Что же происходит со зрителем, не имеющим духовной опоры, в это смутное время, в оккупированной долларом, разворованной и униженной нашей стране?
Вот уж где раздолье сатане! Все можно!
Свобода! Беспредел! – И он спешит завладеть как можно большим количеством душ. Верным помощником в этом деле является свой «творческий союз».
Художник, поддавшийся сатанинскому искушению, обретает бесовскую жажду искушать зрителя. Чем талантливее художник-антихрист, тем изощреннее способы соблазна.
Я уже говорил, что эффект разрушения притягателен. И вот уже все средства информации, опережая друг друга, превращают этот гибельный процесс в цепную реакцию.
…Мчатся бесы рой зароем
В беспредельной вышине,
Визгом жалобным и воем
Надрывая сердце мне…
Видать, давнее это наваждение, коли тревожило оно душу Александра Сергеевича Пушкина.
Вы, наверное, заметили, что члены союза антихриста, дабы продемонстрировать сплоченность рядов, свои сборища предпочитают называть не выставками, а акциями.
Недавно показали по телевидению очередную такую акцию.
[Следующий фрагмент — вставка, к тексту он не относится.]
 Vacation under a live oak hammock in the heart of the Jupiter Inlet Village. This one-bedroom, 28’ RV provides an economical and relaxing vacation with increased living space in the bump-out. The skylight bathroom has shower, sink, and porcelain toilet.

Собравшиеся на нее с жадностью поедали труп Ленина вместе с гробом. Правда, это блюдо было приготовлено из кексов в натуральную величину, а с помощью цветного крема художникам удалось добиться убедительного сходства с мумией. Вот, кстати, пример лукавого реализма.
Я-то думаю, что эта творческая акция мало чем отличается от того, чем увлекался, тоже показанный по телевизору, печально известный вождь одного из африканских государств – каннибал Бокасса. Поедая своих подчиненных, он не страдал желудочными коликами. Когда арестовали этого гурмана, то в его холодильнике обнаружили останки недавно пропавшего министра из его же правительства.
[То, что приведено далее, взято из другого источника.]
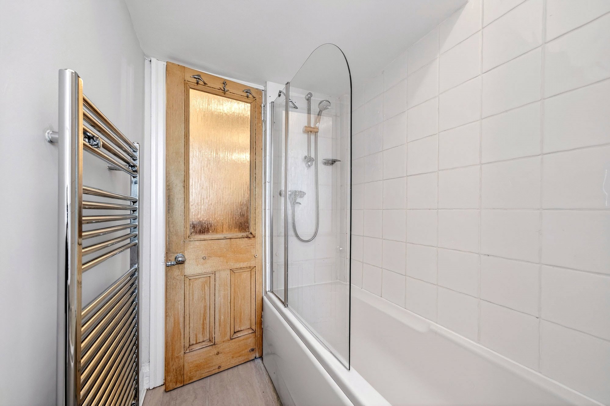 Welcoming hallway; Impressive bay-windowed living room, featuring high ceilings, period cornicing and a decorative fireplace (non-operational); Spacious dining kitchen, offering ample cupboard and worktop space, white goods included, and sufficient room for a dining table; Two well-proportioned double bedrooms; Versatile box room which is ideal for a home office, study or additional storage; Bathroom with shower above bath, sink, WC and heated towel rail.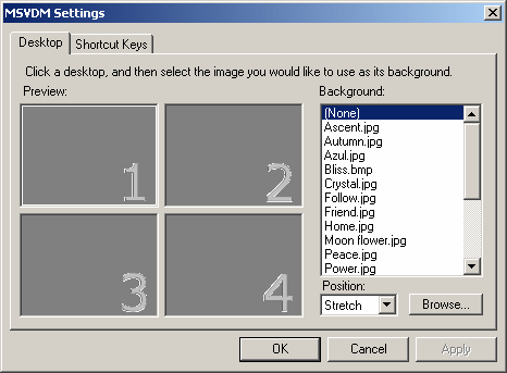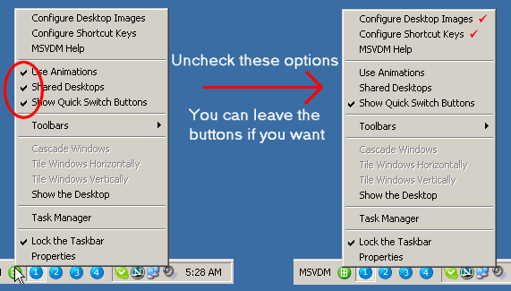 Fact is, you don't even need the buttons because if you press the green (MSVDM) button, you can "see" the desktops and click the one you want to jump to.

Есть в этом что-то общее, хотя в одном случае трупоедение – это творческая концепция, а в другом – факт жизни; правда, есть и различия – людоед это делал тайно, а авангардисты – на тусовке. А в остальном дело вкуса: кто любит кекс, кто любит мясо… Хотя и с мясом у бесов уже была акция – резали публично и ритуально на своем сборище поросенка.
Ладно бы все это происходило в кошмарном сне, так нет же, явилась ко мне эта реальность в бессонную ночь – теперь лежи, мучайся…
Вот уж что не хотелось бы мне сегодня ночью видеть, так это политические сюжеты. Это слишком неподходящее для бессонницы зрелище, и я тороплюсь убрать со своего экрана все, что связано с политикой.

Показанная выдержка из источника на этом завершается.